Items from a dataset
:::

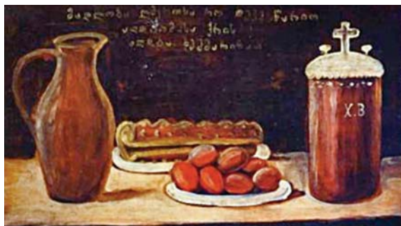
Niko Pirosmiani, τό πασχαλιάτικο άρνί, λεπτομέρεια

μπορεί νά στηρίζεται σε προτροπές τής πνευματικής ήγεσίας προς τούς άλλους, αλλά προϋποθέτει προσωπικό παράδειγμα. Άποτελεί χαρακτηριστικό των διεφθαρμένων ήγεσιών νά προτρέπουν τόν λαό σε θυσίες σε περιόδους κρίσης, ένω οι κατέχοντες τήν έξουσία διαφυλάσσουν στό άκέραιο τά προνόμιά τους. Έτσι όμως, ένας λαός έξευτελίζεται, καθώς, άπογοητευμένος άπό τούς ήγέτες του, γίνεται εύάλωτος στις όποιες έξωτερικές έπιβουλές. Γι' αυτό ό προφήτης δέν έξαιρει άπό τό προσκλητήριό του ούτε τούς ιερείς. Τούς καλεί νά μετανοήσουν καί αυτοί καί νά παρακαλέσουν τόν Κύριο, ώστε νά μή έπιτρέψει νά άναρωτηθούν ποτέ οι άλλοι λαοί για τούς Ίσραηλίτες: «Πού εΐναι ό Θεός τους;» (2:17). Αυτό τό ένδεχόμενο συνιστά για τόν προφήτη τό έσχατο στάδιο έξευτελισμού ένός λαού· τό νά καταστήσει, δηλαδή, μέ τή συμπεριφορά του τόν Θεό του άόρατο στους άλλους. Παρά τή χρονική άπόσταση των είκοσιτεσσάρων αΐνων πού χωρίζουν τήν έποχή του προφήτη Ίωήλ άπό τή σύγχρονη, ή εκκλησή του για μετάνοια ήχει περισσότερο έπίκαιρη άπό ποτέ, ιδιαίτερα έξω άπό τήν πόρτα πολλών σύγχρονων Κοινοβουλίων.
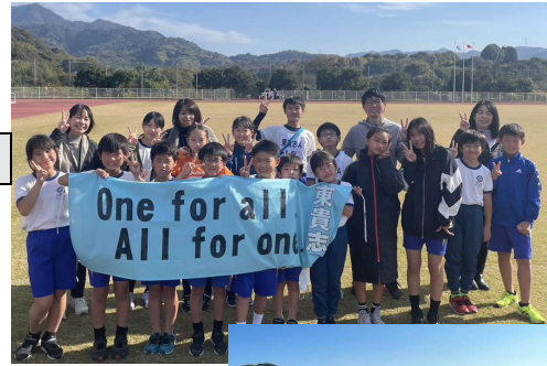
【令和4年度東貴志小学校駅伝チームメンバー】

11月19日(土)に桃源郷運動公園で行われた桃源郷駅伝競走大会に男女とも参加し、共に11位でした。(男子は17チーム中、女子は18チーム中)6年生の[ ]さんが、1区3位で表彰されました。児童数が少ない本校としては大健闘の結果です。サポートメンバーも含め、 16名の児童が練習からこつこつ努力を重ねました！保護者の皆様もご協力ありがとうございました。
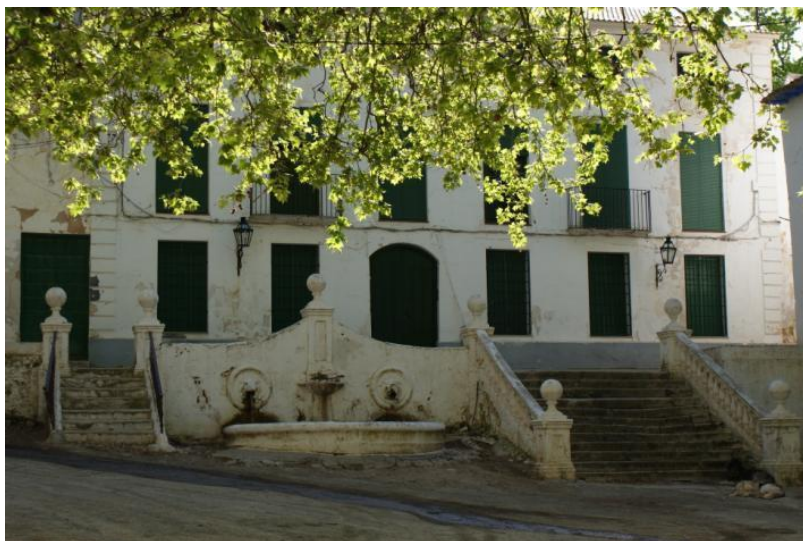
Casa de Mata Bejid

Más tarde pasaría a ser propiedad del famoso torero Ricardo Torres “Bombita”, siendo después parcelada y vendida entre los colonos que compraron la tierra de labor, mientras que el monte lo adquirió la Administración Pública.
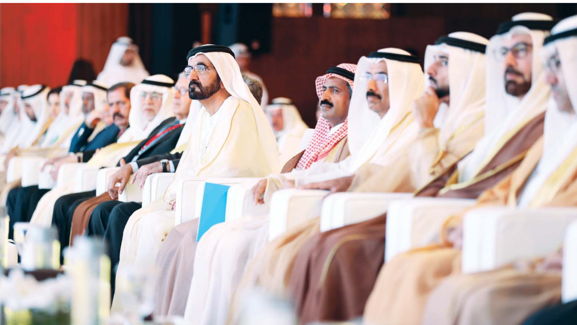
محمد بن راشد يتوسط الحاضرين بالجلسة الافتتاحية بحضور حمدان بن محمد والمر ومحمد القرقاوي وحسين الحمادي وأعضاء مجلس أمناء الجائزة
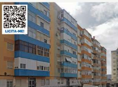
APARTAMENTO C/ ARRECAÇÃO PÓVOA DE S. ADRIÃO, ODIVELAS
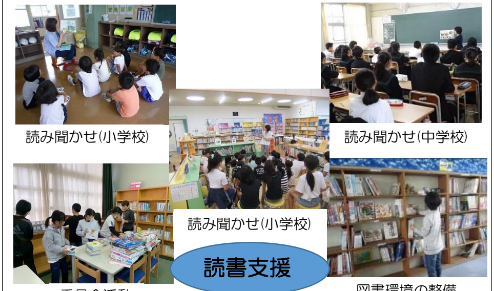
読み聞かせ（小学校）
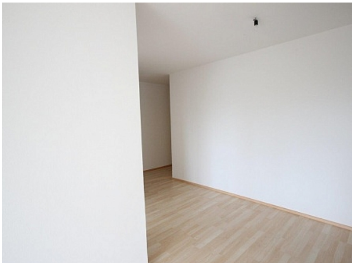
2 - Zi Wohnung Nähe Klinikum Klagenfurt
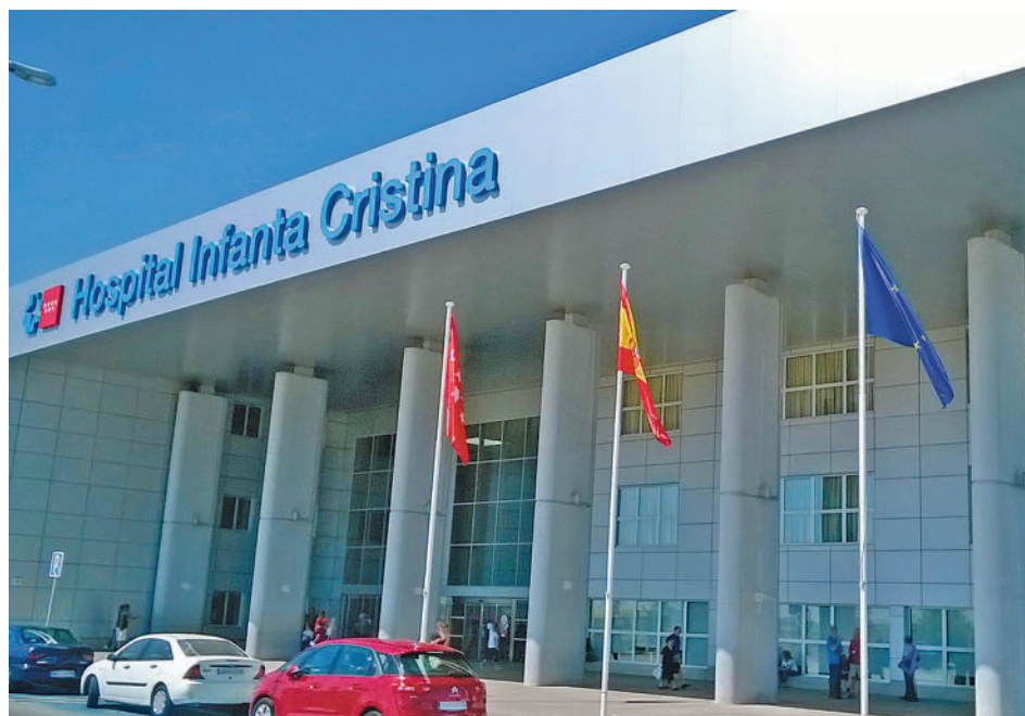
Hospital Infanta Cristina de Parla

La jornada dará comienzo a las 9:30 horas en la rotonda del hospital. La caminata atravesará el arroyo Humanejos y recorrerá el bosque ciudadano. Posteriormente, entrará en el Parque de las Comunidades, recorrerá la avenida del Sistema Solar hasta llegar al Parque del Universo por la puerta de la calle del Planeta Venus. A las 10:30 horas, las personas participantes irán a la explanada central, donde intervendrán las autoridades pertinentes tanto del Ayuntamiento como del
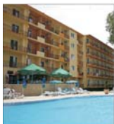
"Mazuria" finalizează o investiție de 1,8 milioane euro la hotelul "Moderna"
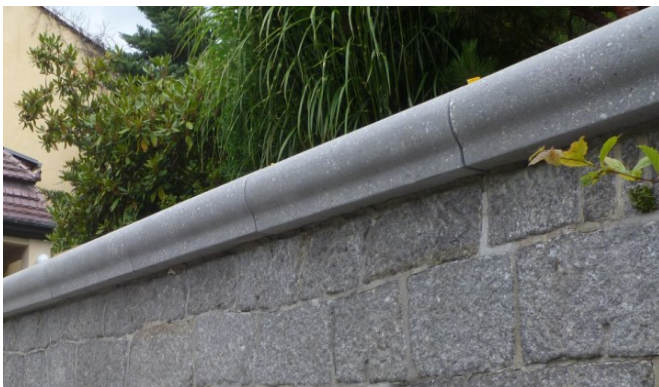
Mauerabdeckplatten Privatgarten Kamenz 2015
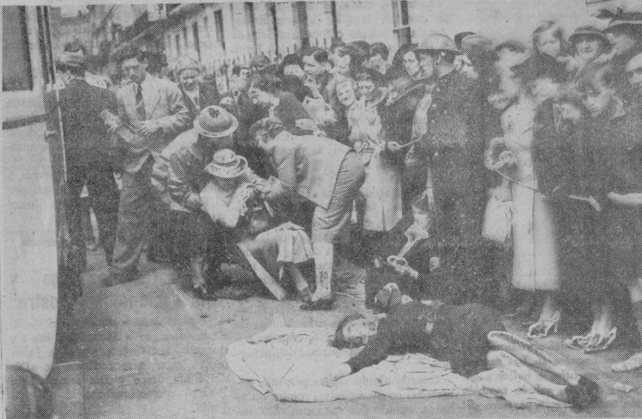
EJERCICIO DE DEFENSA AEREA EN LONDRES.—De un modo bastante realista se han verificado en Londres ejercicios de defensa contra los ataques aéreos. Durante dichos ejercicios se ha hecho evacuar, a modo de ensayo, algunos colegios, siendo llevados quinientos niños a los refugios. La ilustración muestra a los enfermeros que acuden en auxilio de los supuestos heridos.
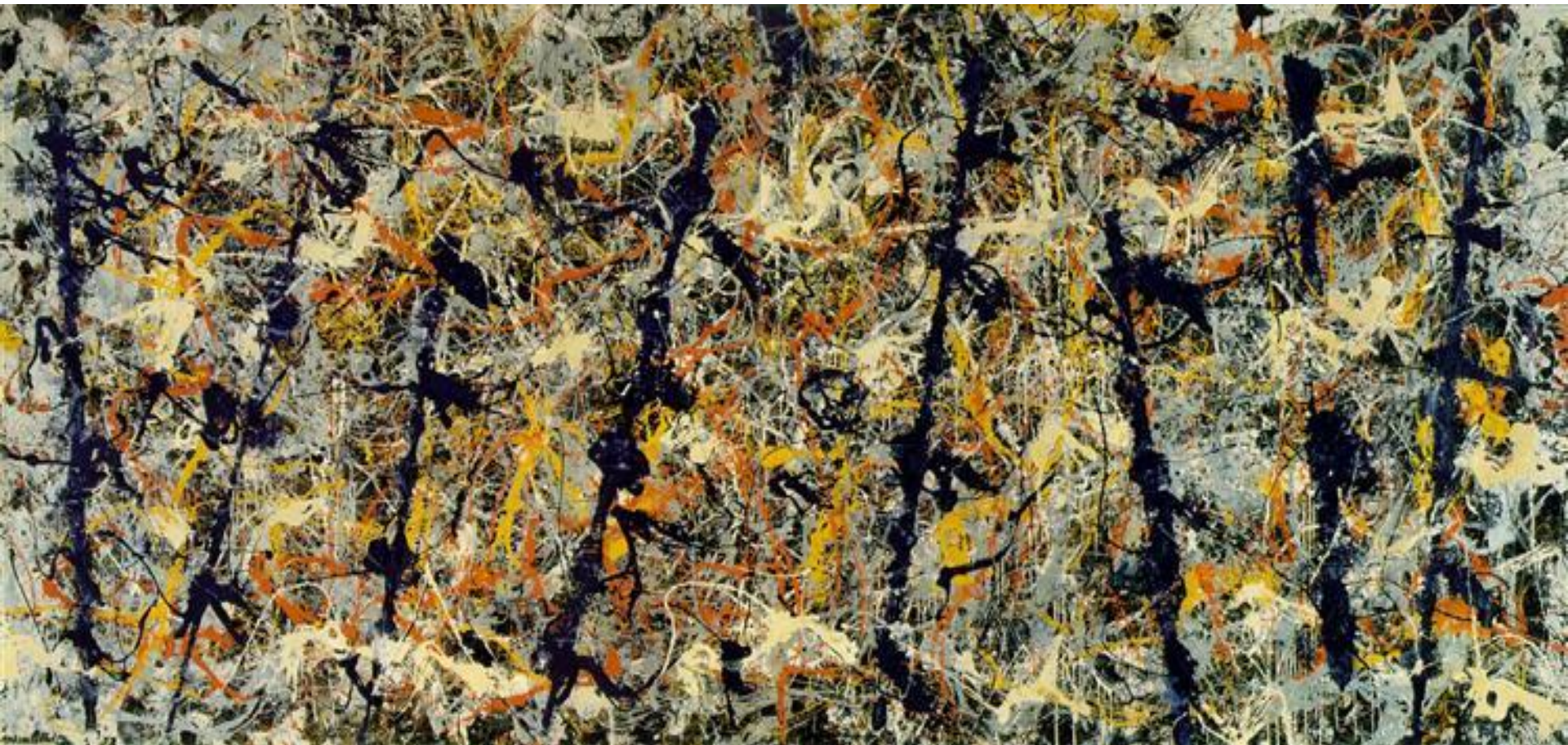
Синие шесты, Номер 11, 1952
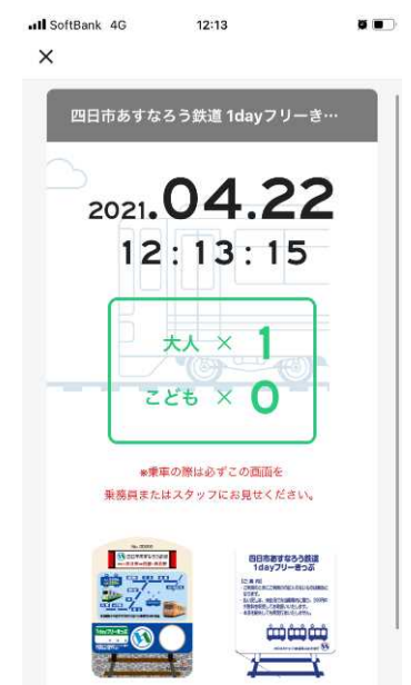
⑤利用時にチケットを提示
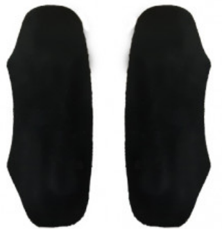
SALVACALZE UOMO CAMOSCIO NERO

S.001-06.103 ALZATACCO RIGIDO BICOMPONENTE GREZZO MM 30
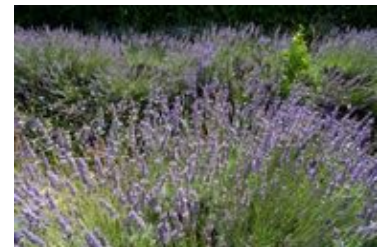
Lavandula angustifolia
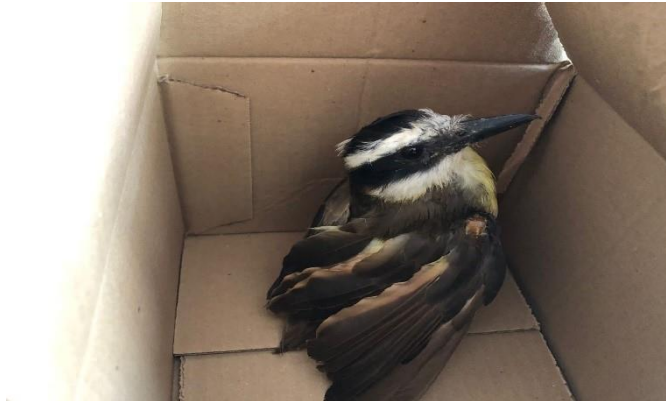
(48608) Bem Te Vi
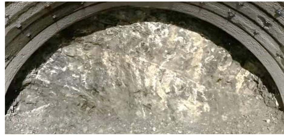
切羽（トンネル内の掘削箇所）状況
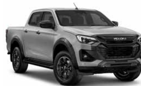
MERCURY SILVER (METALÍZA)
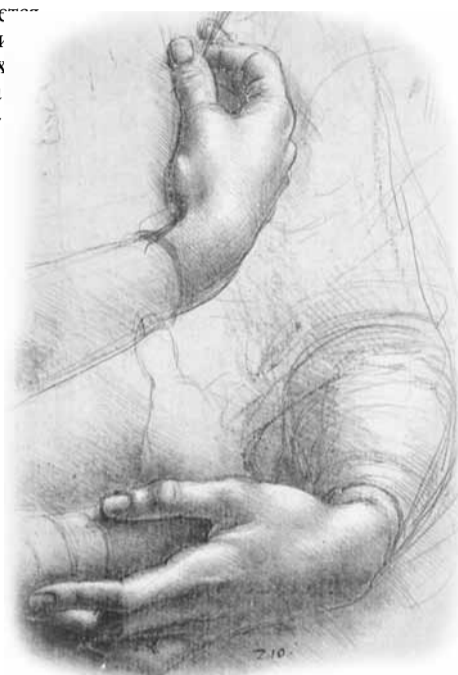
Набросок Леонардо Да Винчи

ние кисти и пальцев. Их движение и взаимодействие настолько сложны, что для их описания было написано множество томов научной литературы! При этом мышцы и сухожилия в кисти помещены в особенные футляры. Футляры? Именно!

:::

• [Instructions to follow]:
Please set down the data above exactly as given, leaving every picture out.

• [Solution for this task]:
Niko Pirosmiani, τό πασχαλιάτικο άρνί, λεπτομέρεια

μπορεί νά στηρίζεται σε προτροπές τής πνευματικής ήγεσίας προς τούς άλλους, αλλά προϋποθέτει προσωπικό παράδειγμα. Άποτελεί χαρακτηριστικό των διεφθαρμένων ήγεσιών νά προτρέπουν τόν λαό σε θυσίες σε περιόδους κρίσης, ένω οι κατέχοντες τήν έξουσία διαφυλάσσουν στό άκέραιο τά προνόμιά τους. Έτσι όμως, ένας λαός έξευτελίζεται, καθώς, άπογοητευμένος άπό τούς ήγέτες του, γίνεται εύάλωτος στις όποιες έξωτερικές έπιβουλές. Γι' αυτό ό προφήτης δέν έξαιρει άπό τό προσκλητήριό του ούτε τούς ιερείς. Τούς καλεί νά μετανοήσουν καί αυτοί καί νά παρακαλέσουν τόν Κύριο, ώστε νά μή έπιτρέψει νά άναρωτηθούν ποτέ οι άλλοι λαοί για τούς Ίσραηλίτες: «Πού εΐναι ό Θεός τους;» (2:17). Αυτό τό ένδεχόμενο συνιστά για τόν προφήτη τό έσχατο στάδιο έξευτελισμού ένός λαού· τό νά καταστήσει, δηλαδή, μέ τή συμπεριφορά του τόν Θεό του άόρατο στους άλλους. Παρά τή χρονική άπόσταση των είκοσιτεσσάρων αΐνων πού χωρίζουν τήν έποχή του προφήτη Ίωήλ άπό τή σύγχρονη, ή εκκλησή του για μετάνοια ήχει περισσότερο έπίκαιρη άπό ποτέ, ιδιαίτερα έξω άπό τήν πόρτα πολλών σύγχρονων Κοινοβουλίων.
【令和4年度東貴志小学校駅伝チームメンバー】

11月19日(土)に桃源郷運動公園で行われた桃源郷駅伝競走大会に男女とも参加し、共に11位でした。(男子は17チーム中、女子は18チーム中)6年生の[ ]さんが、1区3位で表彰されました。児童数が少ない本校としては大健闘の結果です。サポートメンバーも含め、 16名の児童が練習からこつこつ努力を重ねました！保護者の皆様もご協力ありがとうございました。
Casa de Mata Bejid

Más tarde pasaría a ser propiedad del famoso torero Ricardo Torres “Bombita”, siendo después parcelada y vendida entre los colonos que compraron la tierra de labor, mientras que el monte lo adquirió la Administración Pública.
محمد بن راشد يتوسط الحاضرين بالجلسة الافتتاحية بحضور حمدان بن محمد والمر ومحمد القرقاوي وحسين الحمادي وأعضاء مجلس أمناء الجائزة
APARTAMENTO C/ ARRECAÇÃO PÓVOA DE S. ADRIÃO, ODIVELAS
読み聞かせ（小学校）
2 - Zi Wohnung Nähe Klinikum Klagenfurt
Hospital Infanta Cristina de Parla

La jornada dará comienzo a las 9:30 horas en la rotonda del hospital. La caminata atravesará el arroyo Humanejos y recorrerá el bosque ciudadano. Posteriormente, entrará en el Parque de las Comunidades, recorrerá la avenida del Sistema Solar hasta llegar al Parque del Universo por la puerta de la calle del Planeta Venus. A las 10:30 horas, las personas participantes irán a la explanada central, donde intervendrán las autoridades pertinentes tanto del Ayuntamiento como del
"Mazuria" finalizează o investiție de 1,8 milioane euro la hotelul "Moderna"
Mauerabdeckplatten Privatgarten Kamenz 2015
EJERCICIO DE DEFENSA AEREA EN LONDRES.—De un modo bastante realista se han verificado en Londres ejercicios de defensa contra los ataques aéreos. Durante dichos ejercicios se ha hecho evacuar, a modo de ensayo, algunos colegios, siendo llevados quinientos niños a los refugios. La ilustración muestra a los enfermeros que acuden en auxilio de los supuestos heridos.
Синие шесты, Номер 11, 1952
⑤利用時にチケットを提示
SALVACALZE UOMO CAMOSCIO NERO

S.001-06.103 ALZATACCO RIGIDO BICOMPONENTE GREZZO MM 30
Lavandula angustifolia
(48608) Bem Te Vi
切羽（トンネル内の掘削箇所）状況
MERCURY SILVER (METALÍZA)
Набросок Леонардо Да Винчи

ние кисти и пальцев. Их движение и взаимодействие настолько сложны, что для их описания было написано множество томов научной литературы! При этом мышцы и сухожилия в кисти помещены в особенные футляры. Футляры? Именно!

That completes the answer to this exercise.